Yahoo!, DB5 and Hunter
Moms have long been the focus of marketing messages for most consumer packaged goods brands, but now it’s time for advertisers to start thinking about dads too. In a new study with DB5 and Hunter, Yahoo! examined the evolving role of men in household purchase decisions.
We found that in today’s economy, men are playing a bigger role in the shopping process, and they expect their role to grow even more in the coming years. Yet, they don’t feel that marketers in traditionally mom-related categories are speaking to them – these include categories such as CPG, pet, home goods, apparel, child and baby care.
To provide a deeper understanding into this emerging trend, we surveyed more than 1,000 dads and conducted in-depth interviews and shop-alongs with 26 dads. By understanding the role of men and dads in today’s household and how their shopping experiences differ from moms, marketers can improve their communication with men and ultimately move more product.
Key Findings and Implications
- Dads are more involved in household tasks and purchase decisions.
In terms of having primary responsibility
- 51% are responsible for grocery shopping
- 41% are responsible for the laundry
- 40% are responsible for the house cleaning
- 39% are responsible for the cooking
In terms of being the primary decision maker:
- 60% for CPG products
- 55% for personal care products
- 54% for home goods
- 43% for child and baby products
- Dads and moms shop differently.
- Dads find shopping more personally enjoyable than moms.
- Dads are more likely to buy premium and branded products, as they are more brand conscious than moms.
- They are more influenced by research online. 8 in 10 dads will leverage a plethora of online resources, such as review sites, retailer sites and even online ads, to learn about and decide on brands from “unconventional” categories.
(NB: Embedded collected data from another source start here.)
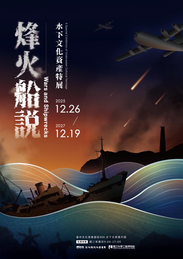 展覽以戰爭及沉船為主題,帶領觀眾了解臺灣海戰歷程及與之相關的沉船遺址。展覽規劃四大展區,首先是「臺灣海洋戰爭史」,以互動投影技術呈現自明清時期至二戰的臺灣重大海戰歷史事件;隨後進入「臺灣沉船故事」展區,「烽火船說:海空對決」沉浸式劇場為展覽亮點,重現1944年澎湖馬公港周遭船艦遭空襲沉沒的情境;接著是「烽火記憶-戰爭沉船文物」展區,展示了我國重要列冊沉船及出水遺物的故事。;後「守護與永續」展區設計了互動遊戲,以寓教於樂的方式傳達水下考古知識。期待藉由展覽讓觀眾感受出水遺物承載的歷史記憶與深厚的背景底蘊,並對水下文資保存維護與永續發展有更深入的理解。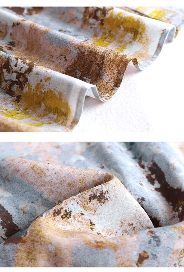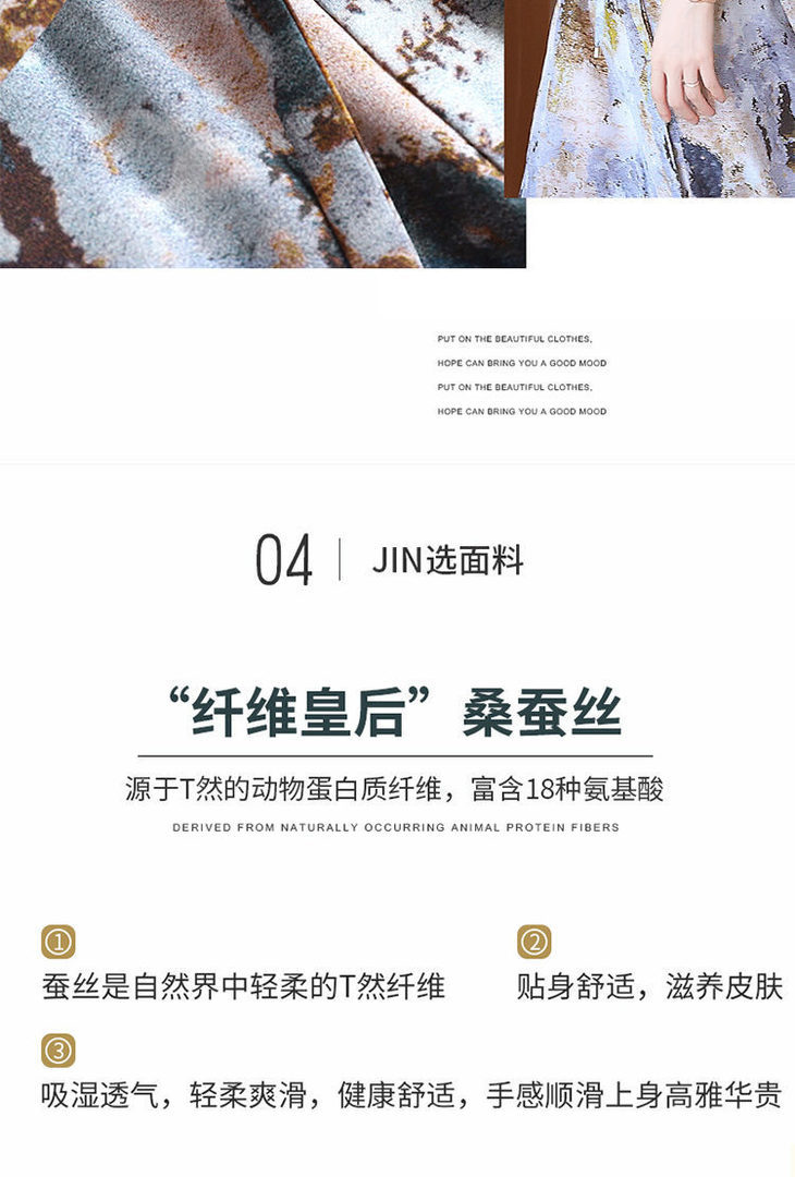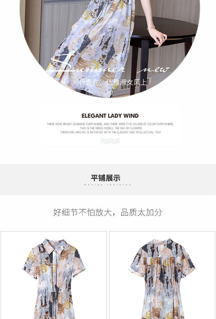 MQN210807新款时尚优雅气质收腰翻领短袖中长款真丝印花连衣裙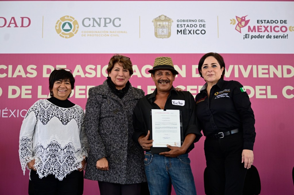 TLALNEPANTLA, Estado de México.- En cumplimiento al compromiso del Presidente Andrés Manuel López Obrador se entregaron viviendas a 210 familias damnificadas por el desgajamiento del Cerro del Chiquihuite, ocurrido el 10 de septiembre de 2021, en un evento encabezado por la Maestra Delfina Gómez Álvarez, Gobernadora del Estado de México; Laura Velázquez Alzúa, Coordinadora Nacional de Protección Civil; Edna Elena Vega Rangel, Subsecretaria de Ordenamiento Territorial y Agrario de la Secretaría de Desarrollo Agrario, Territorial y Urbano (SEDATU).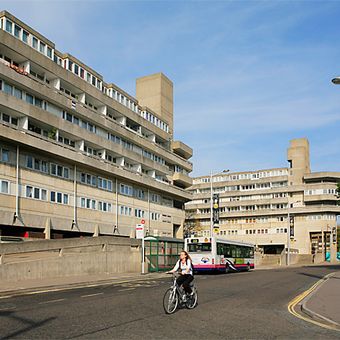 Architects Lyons Israel Ellis designed and constructed Wyndham Court between 1966 and 1969, incorporating white concrete to match the neighboring Southampton Civic Centre.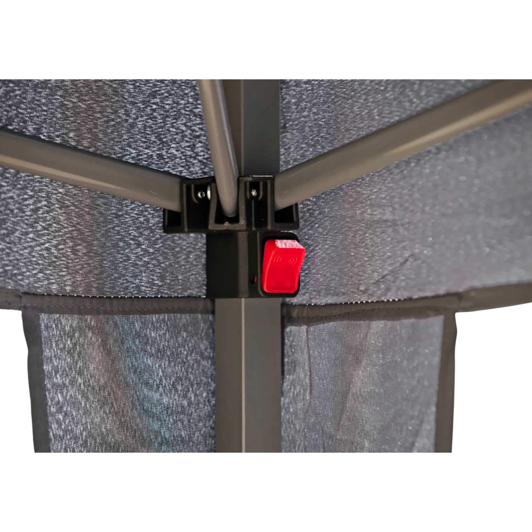 Grå dugtæt pavillion som er nem at slå op. Pavillionen kan bruges både på camping, i haven eller i anledning af en fest.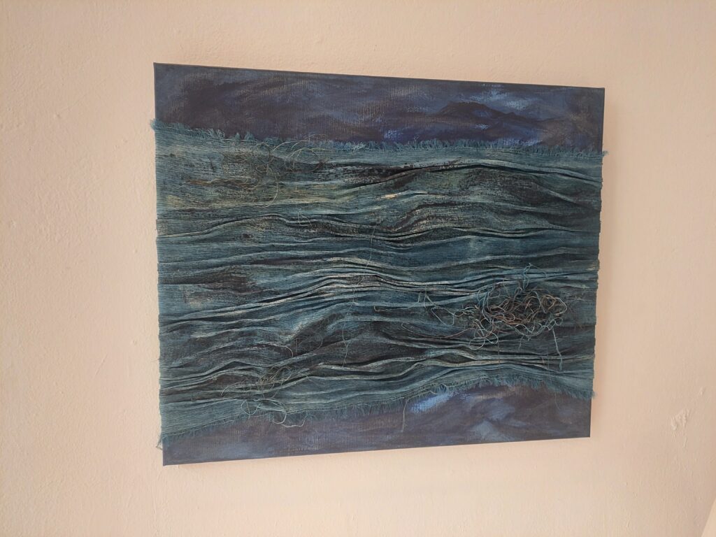 AR: -«Yo, he mencionado a mi madre, no a la artista. Pero ella cosía y lo textil aquí está muy presente, yo he trabajado con ella y parece que pudiera estar la artista, pero la referencia a mi madre tiene que ver con un duelo personal. Es el punto de partida, pero ha pasado tiempo y de hecho la obra más relacionada con el duelo, está expuesta en una colectiva en Barcelona. Aquí hay obras que se derivan o se desvían de ella, hacen referencia a la deriva del mar, pero se desvían en la medida en que pasan a ser menos estáticas, hay mucho más dinamismo, movimiento».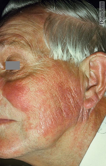 Fotodermatit på kinderne pga behandling med thiazid diuretika. Foto venligst udlånt af Danderm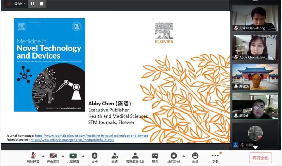 会上,MEDNTD期刊主编、北航医工交叉创新研究院院长、医学科学与工程学院院长、北京市生物医学工程高精尖创新中心主任樊瑜波教授致辞。他表示MEDNTD期刊与医工交叉大背景十分契合,医学中的高精尖技术与装备的创新发展是助力推进医工融合的必然选择,要坚持前沿创新引领和核心技术突破,推动高端医疗器械自主创新,推进自主开发品牌的器械跻身国际先进水平。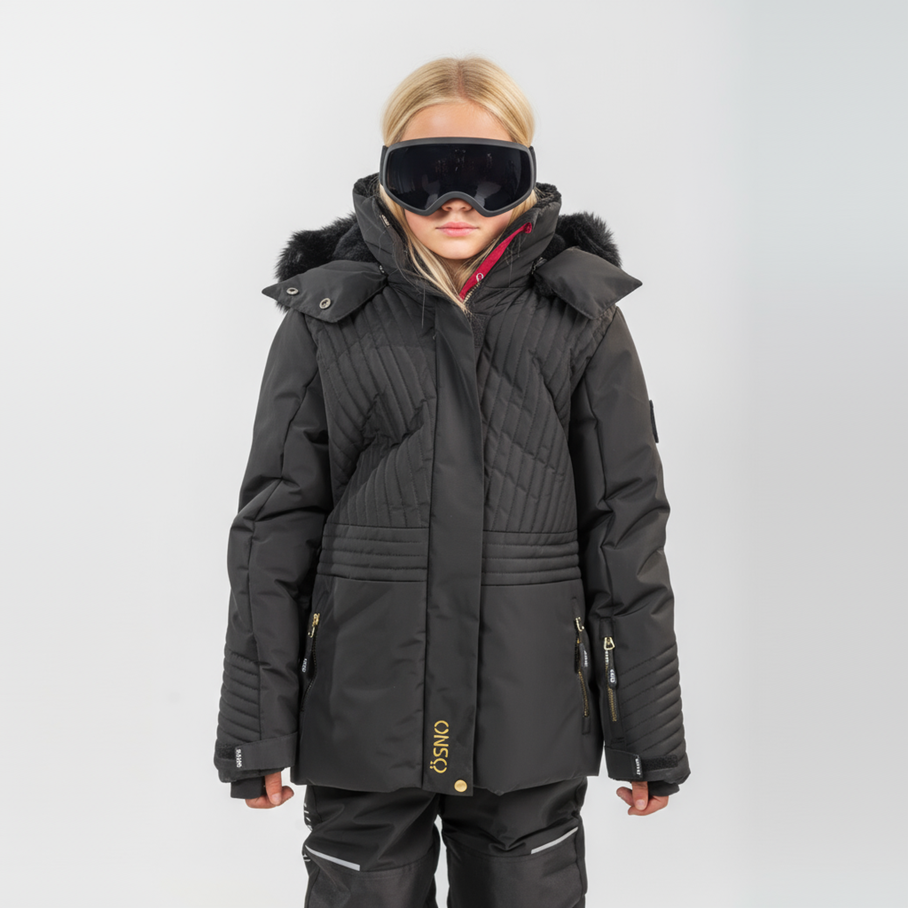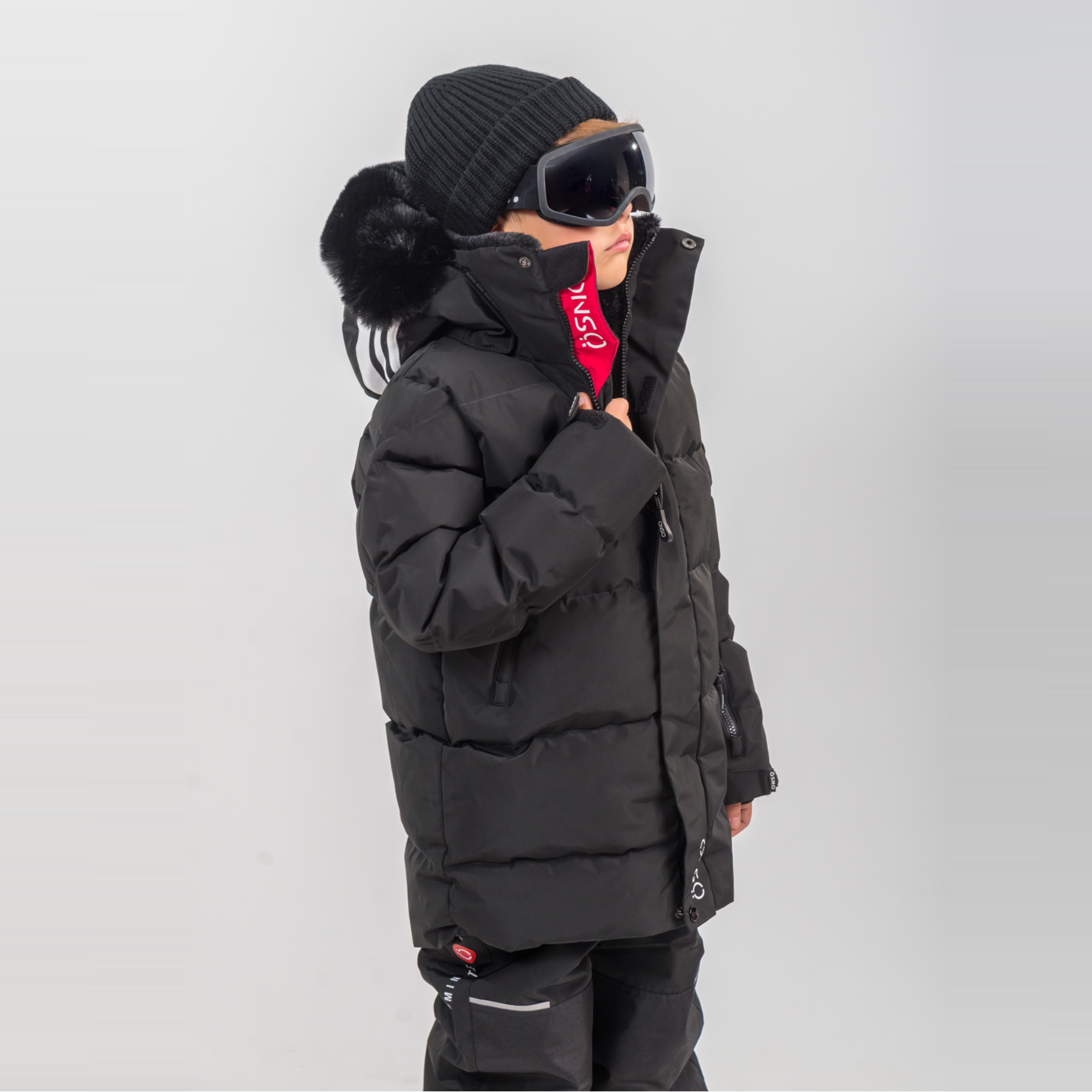 • Child wearing a black winter coat with fur hood and goggles on a white background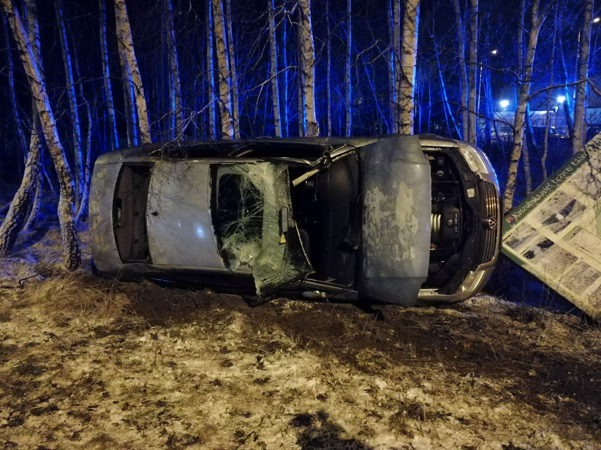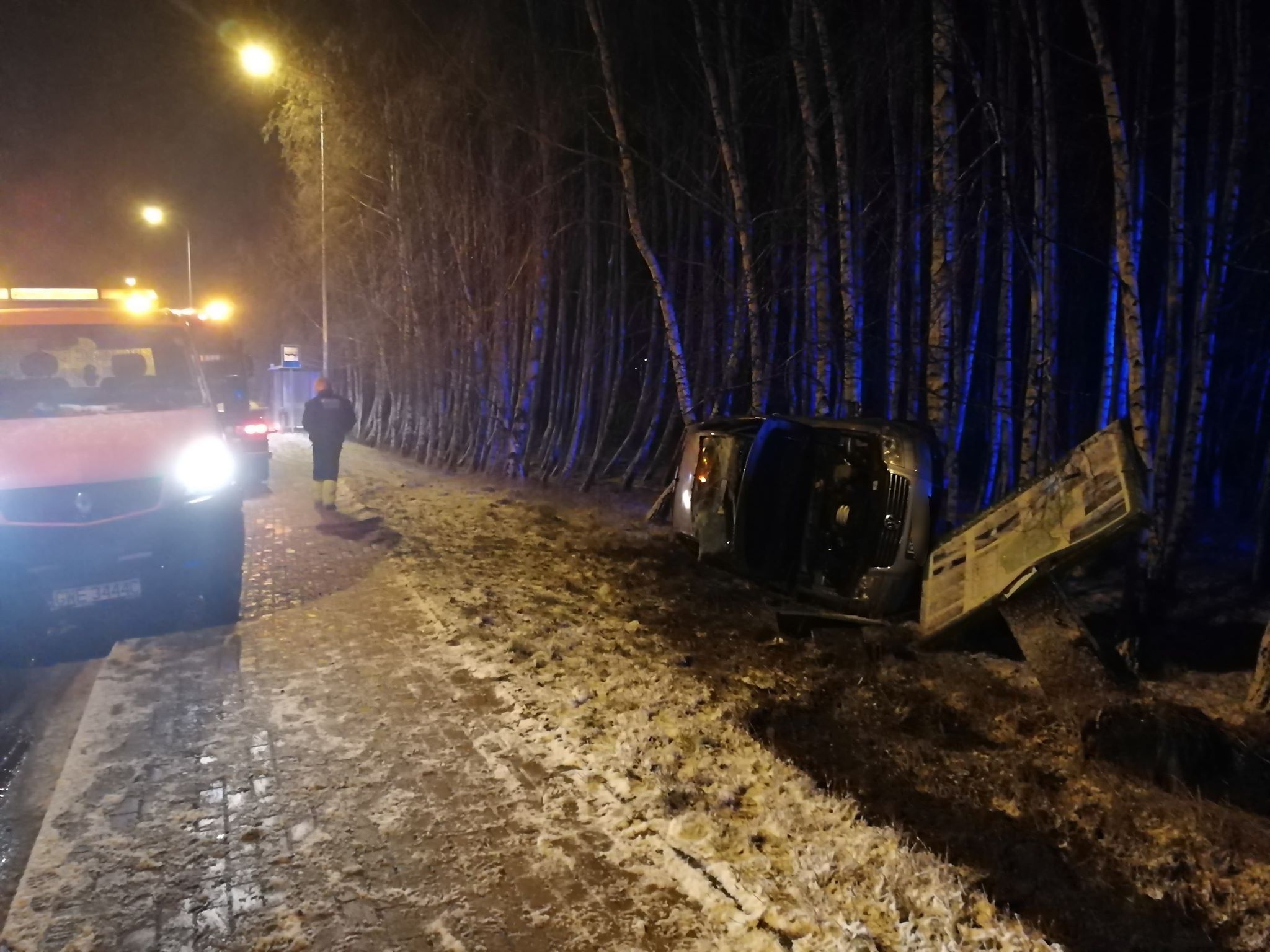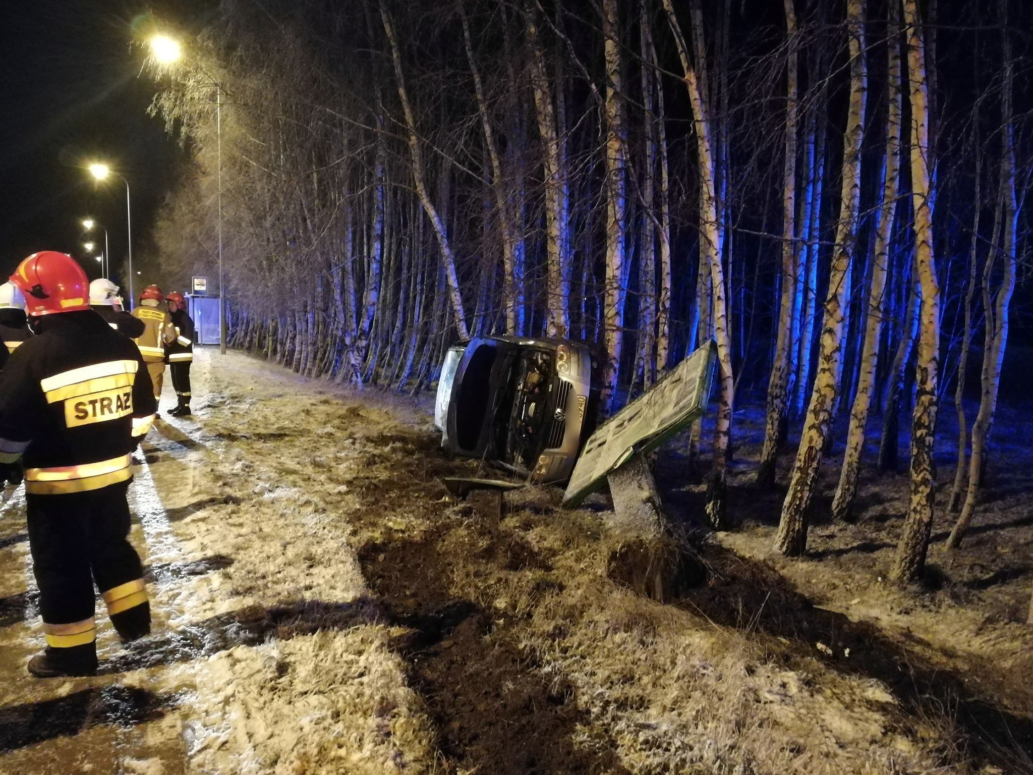 Do zdarzenia doszło w sobotę 4 stycznia w Łężycach. Samochodem osobowym podróżowały dwie osoby. Prawdopodobnie na skutek złych warunków na drodze doszło do dachowania pojazdu.

- Currently, ads from traditional mom categories don’t speak to dads and they are craving for them to improve.
They state that advertising would be better if it addressed the following:
- Provide more category information. 68% of dads mentioned this.
- Improve tone. 61% stated tone could be improved, for example making dads feel empowered.
- Improve relevance to who they are as fathers. 53% wanted this.
- Use ads to educate. 68% said that ads are a great way to learn about things.
- Other fun facts about dads:
- The mobile phone is a shopping research extension for the future.
- 46% of dads use their mobile phones to shop for one of the 14 categories studied – 12% used it to find packaged food and beverage product information, 11% for baby products, and 16% for personal care products
- Compared to non-dads, advertising & advocacy is more prevalent.
- 68% say ads are a great way to learn about things (vs. 61%)
- 66% like to talk about great products (vs. 60%)
- Twice as many dads say they have large social networks (49% vs. 26%)
- More likely to advocate for a product (58% vs. 42%)
The Bottom Line
Advertisers for traditionally female household categories should consider adjusting the tone and messaging of their ads to include dads. By incorporating information dads can use to make an informed purchase and acknowledging that they have a stake in purchase decisions, savvy marketers can take advantage of this prime opportunity to build brand loyalty with an emerging audience.